13. It was specifically pleaded that she could not get herself and her husband examined due to deteriorating health, therefore, she got her daughter examined. Chapter IX of the Evidence Act deals with witnesses. Section 118 provides that all persons shall be competent to testify unless the Court considers that they are prevented from understanding the questions put to them or from giving rational answers to those questions, inter alia, due to extreme disease whether of body or mind. Section 120 presupposes that in all civil proceedings the parties to the suit, and the husband or wife of any party to the suit, shall be competent witnesses.
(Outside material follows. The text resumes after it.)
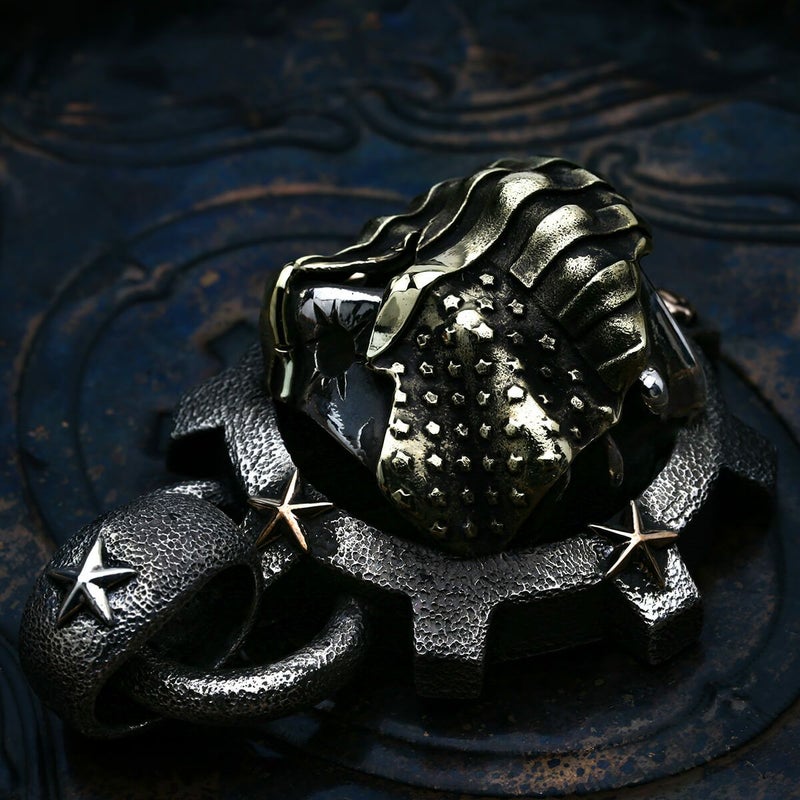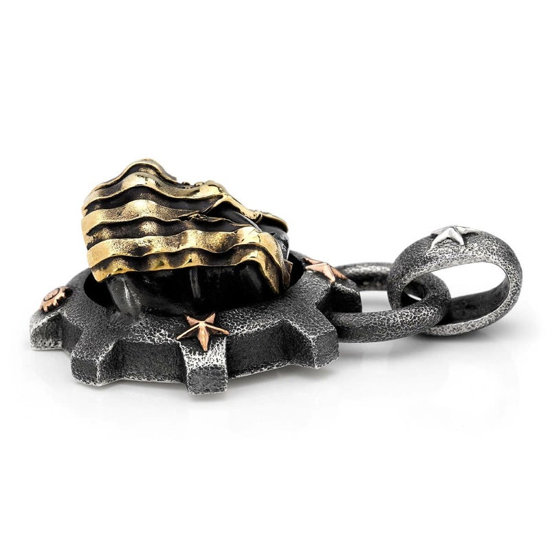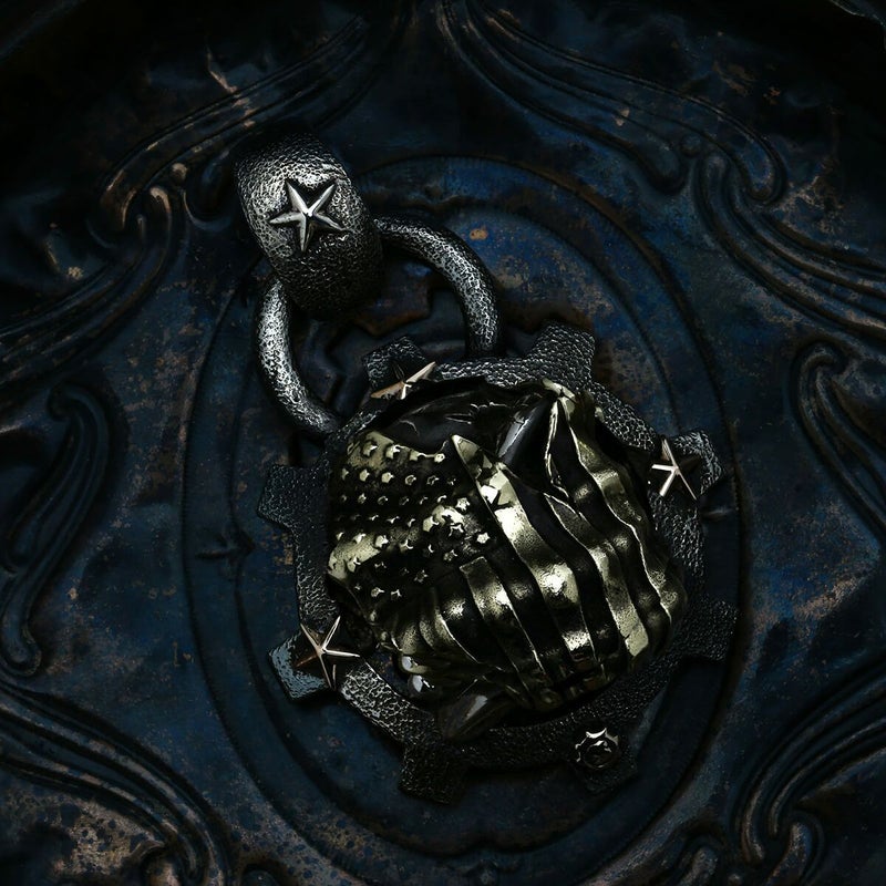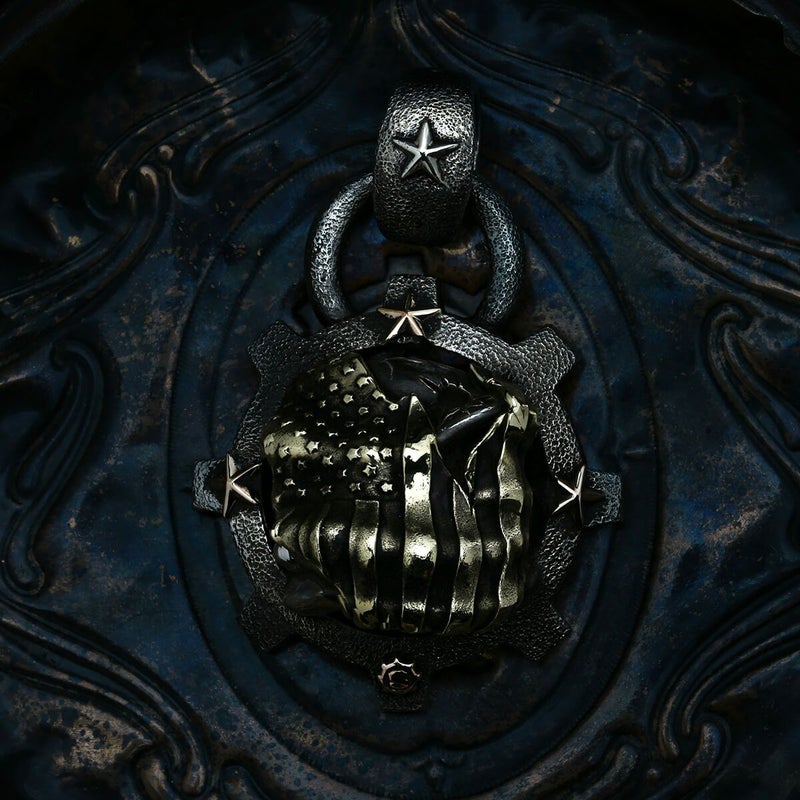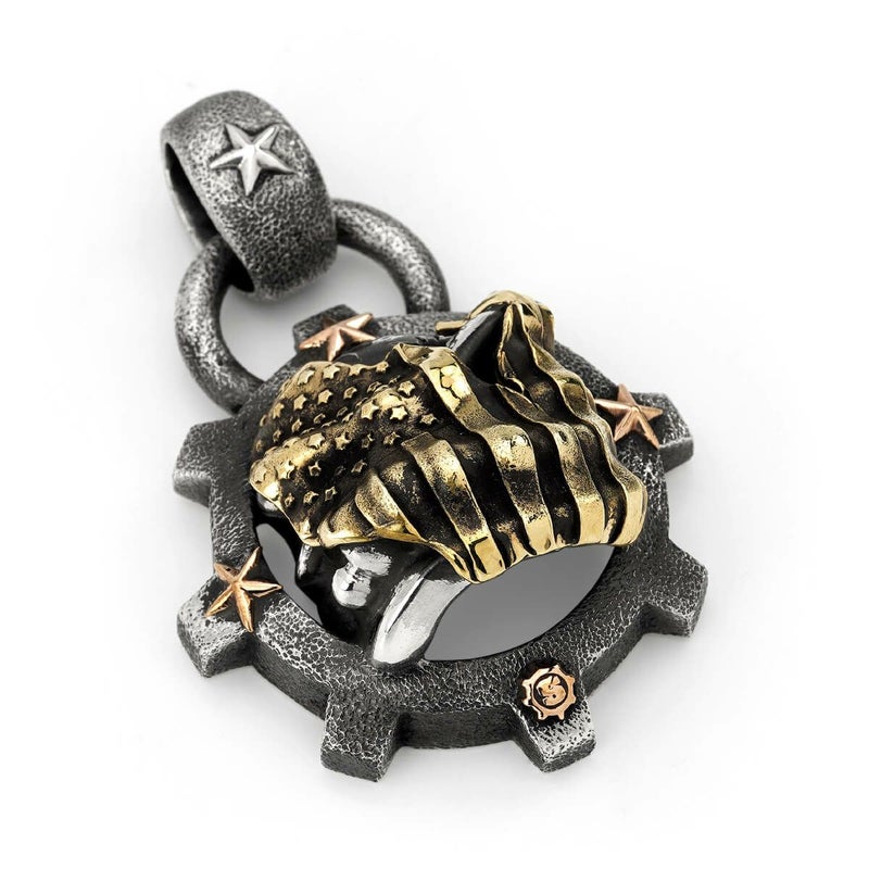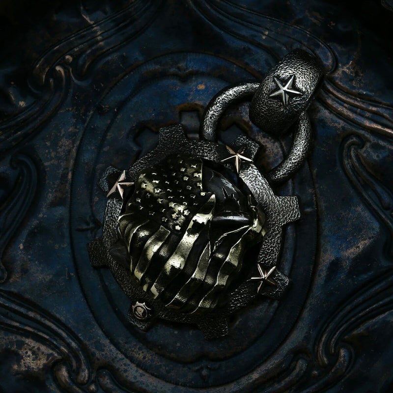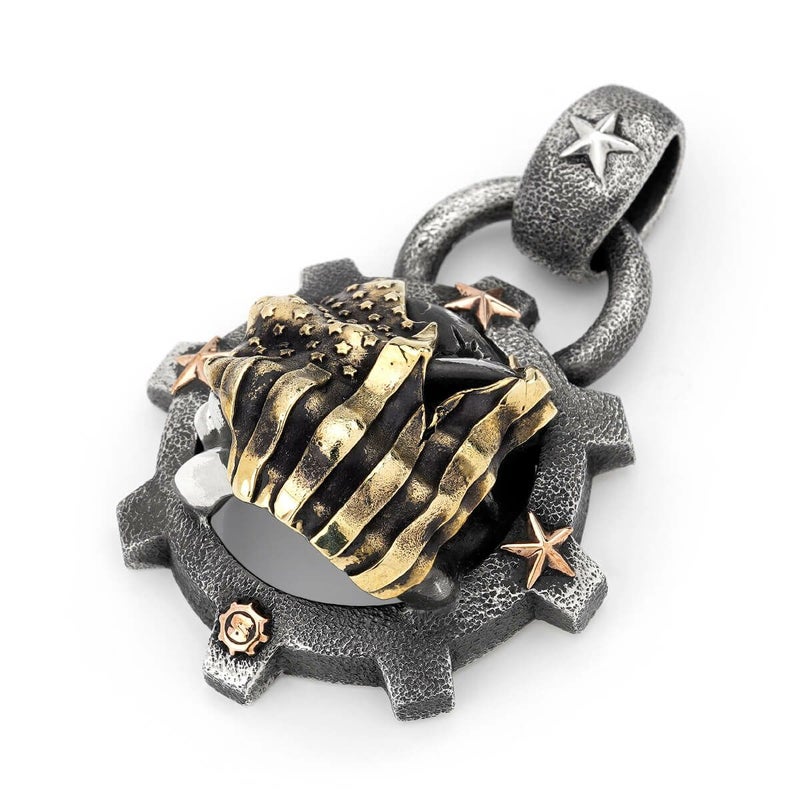【カスタム】 スターリンギア パンチャーニューブルーザーフェイスギアペンダント w/フラッグフェイス/ブラスアメリカンフラッグ/弾痕/シルバー1スター/コパー3スター&Sギアロゴ/テクスチャー

The Section presupposes that the knowledge of the husband is also that of the wife and vice versa. 14. The plea of the learned counsel for the petitioner that the application was presented at the belated stage to fill the lacune in evidence cannot be accepted. It is not a case of recall of a witness under Order 18 who has been examined. PW1 (daughter) was not competent to depose on behalf of the mother when the husband of the respondent is alive, and in view of Section 120 of the Evidence Act husband can depose on behalf of the plaintiff wife. The courts below accepted the plea of the respondent that the husband of the respondent could not be examined due to his falling health, further, the respondent was not in a position to depose due to severe illness. In the circumstances, daughter appeared as a witness on her behalf, which in view of Section 120 of the Evidence Act was not admissible. 15. In my considered opinion the courts below were justified in allowing the application. 16. The learned counsel for the petitioner failed to point out any illegality, infirmity or jurisdictional error in the impugned order. 17. The writ petition being devoid of merit is, accordingly, dismissed.